Why 2019 Will Be the Year of Women’s Freestyle

The future is female. As one of the world’s quickest growing sports, freestyle football’s women’s side looks to have a huge 2019, with more competitors and competitions, as well as a new administrative role in the World Freestyle Football Association.  

Around the world, women in sports are coming together against all forms of discrimination, bias, and barriers. From the tennis player to the football player, ladies are striving to inspire generations to break down barriers and pursue their dreams. And the female football freestyle community is no different.

Although it saw a huge improvement in 2018, with a record amount of participants at several major tournaments including Super Ball, 2019 is poised to be the biggest year yet for the women in freestyle. From new roles created by freestyle’s governing agency to women’s competitions heading to new countries, we take a look at a pair of reasons why every freestyler should be excited for what’s to come this year.

The WFFA Female Ambassador

womens freestyle

In early February, the WFFA announced Laura Biondo as the first-ever Head of Female Development. From looking to increase the amount of girls joining the sport to improving the overall women’s freestyle experience, this position is paramount to the push towards full equality in freestyle. As we can expect from the ambitious and forward-thinking Biondo, she has plenty of items on her agenda to achieve her overall goals.

“What makes me most happy in life is to help others,” Biondo told the WFFA. “Having the honor to help develop female freestyle is something special as it’s my dream to see other girls fulfill and make their freestyle dreams come true.”

Biondo recently made her first official announcement, sharing the WFFA’s plan to initiate a series of online competitions that are going to give girls the ranking points they need for invite-only competitions. According to the WFFA, the Women’s Freestyle League is hosting its first online competition from March 15 – May 31. Judges and prizes are still unknown, but the girls are buzzing with excitement as they await on more details to release. The WFFA looks to continue supporting and building a sport with equal opportunities for all.

Uncommon LA Female Competition

women's freestyle football

As the wave of female development increases, the Los Angeles freestyle community is following the lead by looking to initiate the first female-specific competition in the United States. Oh Cheeky and Bola launched the Uncommon LA freestyle competition in mid-December of last year, with the intention of giving local freestylers the opportunity to gain experience and prepare for upcoming international and domestic competitions. Kevin Medina, one of the event’s organizers, hopes to expand Uncommon LA across different cities in the U.S. The competition will return for its second edition on March 9 at DAF Studios in the heart of LA.

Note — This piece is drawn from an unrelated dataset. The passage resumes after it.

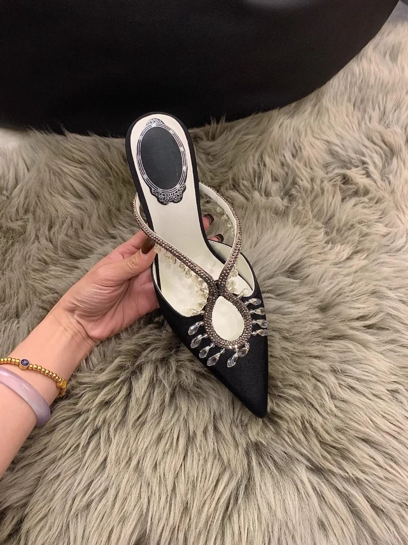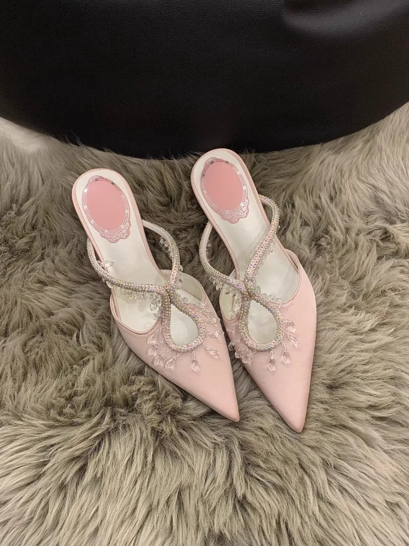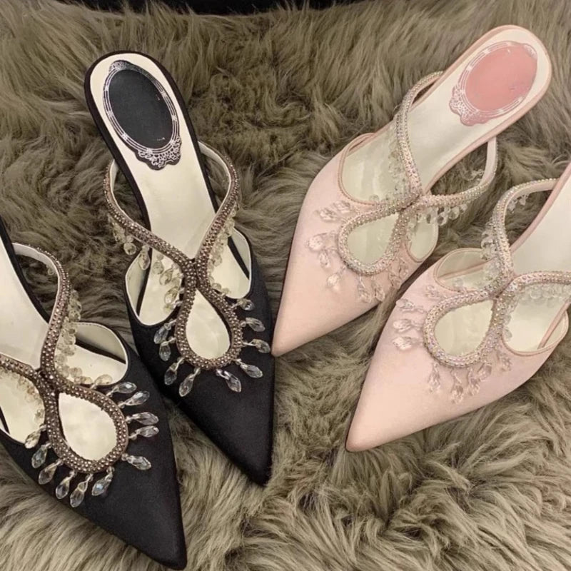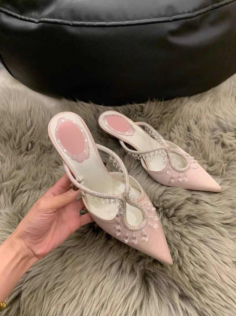 KYLETHOMASW  -  French Satin Rhinestone Stiletto High Heels Women's Pointed Head Crystal Pendant Bag Head Cool Slippers Women

As it was the first time around, the tournament is open to both men and women. Uncommon LA announced that there will be one-minute qualification routines for the girls. But will there be a female-only competition?

Top U.S. female freestyler Caitlyn Schrepfer says, “I’ve seen enough recent growth in the U.S. female freestyle scene to believe that a female-specific competition is warranted and well overdue.”

Alongside the organizers, Caitlyn and I are urging girls across the country to come out and compete. Word on the street is that a few girls are flying out from the East Coast and possibly internationally to participate in the competition. With a minimum of eight girls needed to organize a female tournament and only seven confirmed just days away from the event, organizers are urging girls to partake in what will be a monumental moment for the U.S. freestyle community.

Whether it be on a national or international level, one thing is undeniable. The female freestyle scene is growing and changing this year. The ladies are taking center stage and they do not plan on stepping off.